Muizenberg Rotundrela zodariid spider

Scientific classification
- Kingdom: Animalia
- Phylum: Arthropoda
- Subphylum: Chelicerata
- Class: Arachnida
- Order: Araneae
- Infraorder: Araneomorphae
- Family: Zodariidae
- Genus: Rotundrela
- Species: R. rotunda
- Binomial name: Rotundrela rotunda Jocqué, 1999

= Rotundrela rotunda =

- Authority: Jocqué, 1999

Species of spider

Rotundrela rotunda is a species of spider in the family Zodariidae. It is endemic to the Western Cape province of South Africa and is commonly known as the Muizenberg Rotundrela zodariid spider.

== Distribution ==
Rotundrela rotunda is found on the Cape Peninsula and nearby areas, with records from Muizenberg, De Hoop Nature Reserve, Bergvliet, Stellenbosch, and Table Mountain National Park.

== Habitat ==
The species inhabits the Fynbos biome at altitudes ranging from 6 to 225 m above sea level. At Muizenberg, it has been collected from dune habitats.

== Description ==

Rotundrela rotunda exhibits sexual dimorphism in size. Males have a total length of 5.54 mm with a dark brown carapace bearing a black rim. The abdomen displays a pale pattern on a dark background with distinctive pink sigilla.
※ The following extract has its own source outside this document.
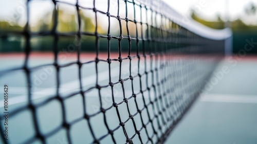 A tennis court net with a focus on the netting and posts, outdoor setting on a sunny day, Minimalist style

Females are larger at 7.17 mm total length with similar coloration to males.

== Ecology ==
Rotundrela rotunda are free-living ground-dwelling spiders that inhabit coastal dune systems and fynbos vegetation.

== Conservation ==
The species is listed as Endangered by the South African National Biodiversity Institute due to its small restricted distribution range. It is protected in De Hoop Nature Reserve and Table Mountain National Park.